There’s a particular kind of Tuesday-evening magic that happens when the oven light glows amber, the smell of roasted garlic drifts through the kitchen, and you realize dinner is going to cook itself while you kick off your shoes. I call it “casserole zen,” and this high-protein chicken and spinach number is my forever route to it. I first threw it together on a night when the fridge held little more than a bag of wilting spinach, two lonely chicken breasts, and a half-empty tub of cottage cheese. Thirty-five minutes later I pulled out a bubbling, golden-topped dish that tasted like I’d planned it for days. My husband—who usually eyes anything green with suspicion—went back for thirds. Our toddler clapped. I did a quiet little victory dance by the dishwasher.

Since then, this casserole has become my weeknight workhorse: the meal I prep on Sunday and reheat until Thursday, the dish I drop off to friends who’ve just had babies, the answer to “What can I make that’s healthy, filling, and doesn’t taste like cardboard?” It’s gluten-free, low-carb friendly, and packs an impressive 42 grams of protein per serving, yet it still tastes like comfort food. If you can chop an onion and press “start” on your food processor, you can master it—no fancy knife skills required.

Why This Recipe Works

  • Protein powerhouse: Cottage cheese and eggs create a custardy base that delivers 42 g complete protein per portion.
  • One-bowl batter: The “sauce” is blitzed in the blender—no separate roux, no canned soup.
  • Fast flavor: Roasted garlic and smoked paprika give depth in under 10 minutes of active time.
  • Veggie-loaded: Ten ounces of spinach wilt into the mix, so you hit vegetable goals without a side salad.
  • Meal-prep marvel: Flavor improves overnight, and it reheats like a dream for up to five days.
  • Freezer friendly: Bake, cool, slice into squares, and freeze individually for up to three months.
  • Kid-approved: My spinach-phobic seven-year-old calls it “pizza casserole”—the melted mozzarella on top is the great equalizer.

Ingredients You'll Need

Ingredients

Before we talk ingredients, a quick note on quality: because this casserole uses so few components, each one matters. Splurge on organic chicken if you can, seek out full-fat cottage cheese (the texture is silkier), and buy spinach that’s bright green and springy, not the slimy bag hiding in the back of the produce shelf.

Chicken breast (1¼ lb / 565 g) – I prefer breast here because it stays tender when poached briefly before baking. If you only have thighs, use them; they’ll add a richer flavor and an extra gram or two of fat.
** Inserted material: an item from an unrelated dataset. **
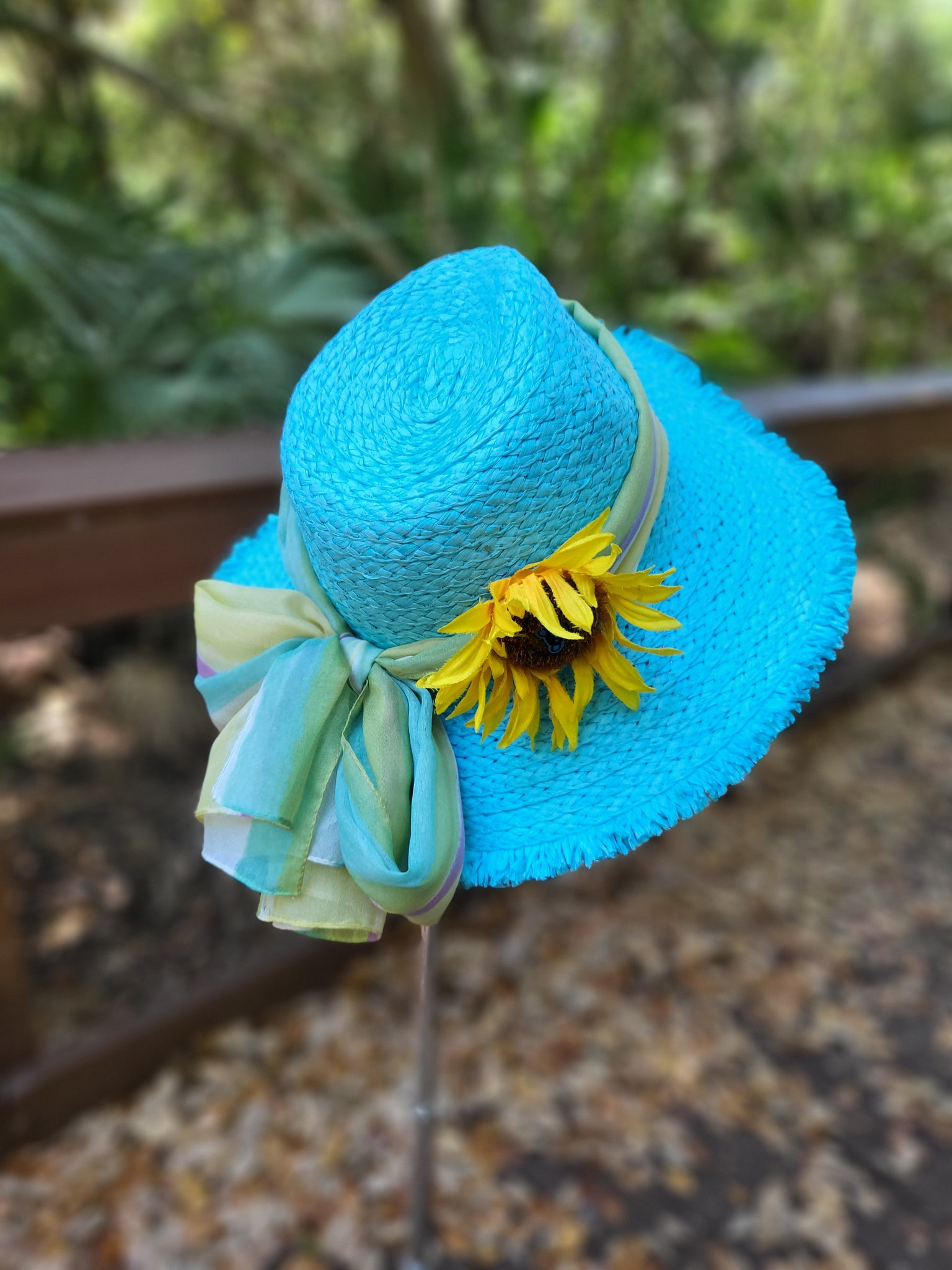 Adorned with a hand picked detachable vintage silk scarf and Sunflower Clip accompanied with a lil Owsely Bear Pin ! Scarf and Sunflower are both detachable so you can mix them up with any outfit of your choice! Pin subject to change from picture. Hat comes with a string inside to custom fit size to your head

Chop into ¾-inch cubes so every forkful gets a juicy piece.

Cottage cheese (2 cups / 450 g) – The unsung hero of high-protein cooking. Choose 4 % milkfat for the creamiest set. Vegans can swap in extra-firm silken tofu plus 2 tablespoons nutritional yeast, though the protein will dip slightly.

Eggs (4 large) – They act as the custard, binding everything while adding another 24 grams of complete protein. Room-temperature eggs mix more evenly; if you remember, set them on the counter 30 minutes ahead.

Fresh spinach (10 oz / 280 g) – Baby spinach wilts almost instantly and saves prep time, but mature spinach is fine if you remove the woody stems. Frozen spinach works in a pinch: thaw, squeeze absolutely dry, and use 1 cup packed.

Garlic (8 cloves) – Don’t be shy. Roasting tames the bite and turns the cloves sweet and caramel-like. If you’re truly pressed for time, sauté minced garlic in olive oil for 60 seconds instead.

Smoked paprika (1½ tsp) – Gives a whisper of barbecue essence without liquid smoke. Sweet paprika is an acceptable sub, but you’ll lose that campfire nuance.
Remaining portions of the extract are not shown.